◆ **WHAT IS EXPECTED**: Your answer must be a word-for-word copy of the listing, with all pictures excluded.

◆ **DATA SECTION**:
"""
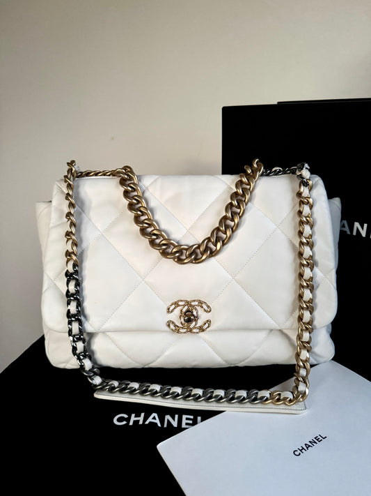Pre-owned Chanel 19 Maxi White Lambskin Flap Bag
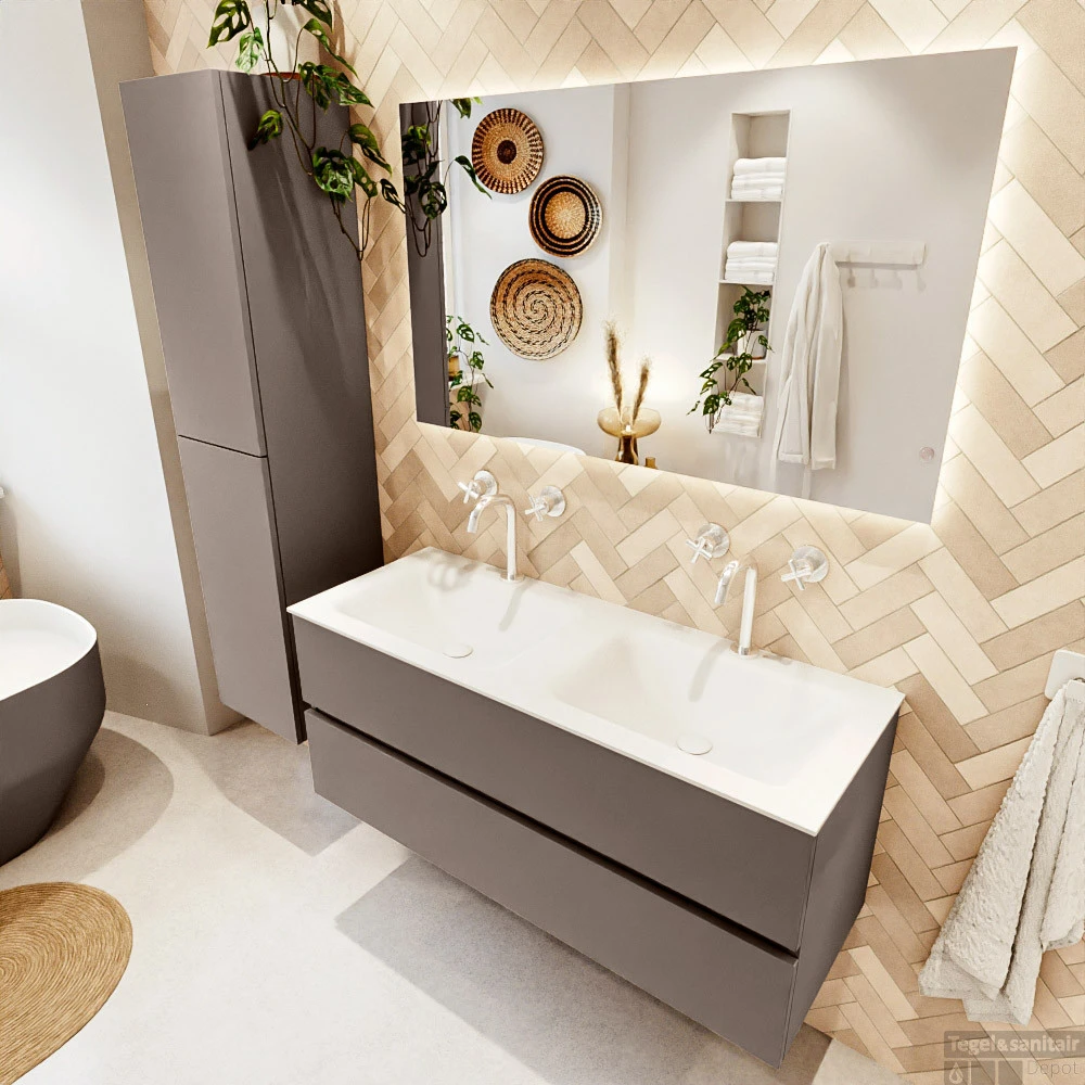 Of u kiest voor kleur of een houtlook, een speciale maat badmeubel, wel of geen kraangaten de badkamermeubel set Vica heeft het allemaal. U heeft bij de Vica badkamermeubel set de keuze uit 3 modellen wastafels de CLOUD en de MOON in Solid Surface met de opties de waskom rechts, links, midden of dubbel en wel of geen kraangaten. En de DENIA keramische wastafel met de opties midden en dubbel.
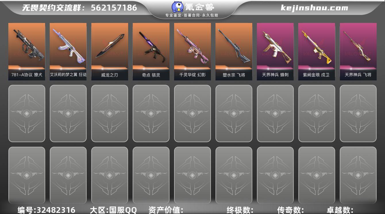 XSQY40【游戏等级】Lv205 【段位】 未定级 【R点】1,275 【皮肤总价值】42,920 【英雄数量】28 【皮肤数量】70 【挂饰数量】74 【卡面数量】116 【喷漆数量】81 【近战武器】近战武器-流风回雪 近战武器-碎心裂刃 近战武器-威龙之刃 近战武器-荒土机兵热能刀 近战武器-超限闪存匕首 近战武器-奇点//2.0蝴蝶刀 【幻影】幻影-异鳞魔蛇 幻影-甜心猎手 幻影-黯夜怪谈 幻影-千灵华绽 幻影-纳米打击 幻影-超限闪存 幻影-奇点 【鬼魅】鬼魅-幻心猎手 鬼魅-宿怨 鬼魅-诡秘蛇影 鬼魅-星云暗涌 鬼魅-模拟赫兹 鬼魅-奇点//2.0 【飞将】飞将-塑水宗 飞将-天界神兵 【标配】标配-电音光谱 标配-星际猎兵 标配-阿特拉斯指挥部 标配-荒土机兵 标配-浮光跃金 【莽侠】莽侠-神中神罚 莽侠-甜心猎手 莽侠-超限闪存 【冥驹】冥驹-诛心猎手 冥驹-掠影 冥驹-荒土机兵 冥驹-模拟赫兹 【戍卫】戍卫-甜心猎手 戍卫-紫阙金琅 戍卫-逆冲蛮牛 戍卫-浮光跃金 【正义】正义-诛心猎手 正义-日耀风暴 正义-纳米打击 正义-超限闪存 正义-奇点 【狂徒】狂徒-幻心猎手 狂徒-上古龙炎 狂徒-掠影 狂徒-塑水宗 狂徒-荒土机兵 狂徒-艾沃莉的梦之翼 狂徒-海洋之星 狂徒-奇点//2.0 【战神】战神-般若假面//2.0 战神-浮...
"""
◆ **TASK RESULT**:
Pre-owned Chanel 19 Maxi White Lambskin Flap Bag
 Of u kiest voor kleur of een houtlook, een speciale maat badmeubel, wel of geen kraangaten de badkamermeubel set Vica heeft het allemaal. U heeft bij de Vica badkamermeubel set de keuze uit 3 modellen wastafels de CLOUD en de MOON in Solid Surface met de opties de waskom rechts, links, midden of dubbel en wel of geen kraangaten. En de DENIA keramische wastafel met de opties midden en dubbel.
 XSQY40【游戏等级】Lv205 【段位】 未定级 【R点】1,275 【皮肤总价值】42,920 【英雄数量】28 【皮肤数量】70 【挂饰数量】74 【卡面数量】116 【喷漆数量】81 【近战武器】近战武器-流风回雪 近战武器-碎心裂刃 近战武器-威龙之刃 近战武器-荒土机兵热能刀 近战武器-超限闪存匕首 近战武器-奇点//2.0蝴蝶刀 【幻影】幻影-异鳞魔蛇 幻影-甜心猎手 幻影-黯夜怪谈 幻影-千灵华绽 幻影-纳米打击 幻影-超限闪存 幻影-奇点 【鬼魅】鬼魅-幻心猎手 鬼魅-宿怨 鬼魅-诡秘蛇影 鬼魅-星云暗涌 鬼魅-模拟赫兹 鬼魅-奇点//2.0 【飞将】飞将-塑水宗 飞将-天界神兵 【标配】标配-电音光谱 标配-星际猎兵 标配-阿特拉斯指挥部 标配-荒土机兵 标配-浮光跃金 【莽侠】莽侠-神中神罚 莽侠-甜心猎手 莽侠-超限闪存 【冥驹】冥驹-诛心猎手 冥驹-掠影 冥驹-荒土机兵 冥驹-模拟赫兹 【戍卫】戍卫-甜心猎手 戍卫-紫阙金琅 戍卫-逆冲蛮牛 戍卫-浮光跃金 【正义】正义-诛心猎手 正义-日耀风暴 正义-纳米打击 正义-超限闪存 正义-奇点 【狂徒】狂徒-幻心猎手 狂徒-上古龙炎 狂徒-掠影 狂徒-塑水宗 狂徒-荒土机兵 狂徒-艾沃莉的梦之翼 狂徒-海洋之星 狂徒-奇点//2.0 【战神】战神-般若假面//2.0 战神-浮...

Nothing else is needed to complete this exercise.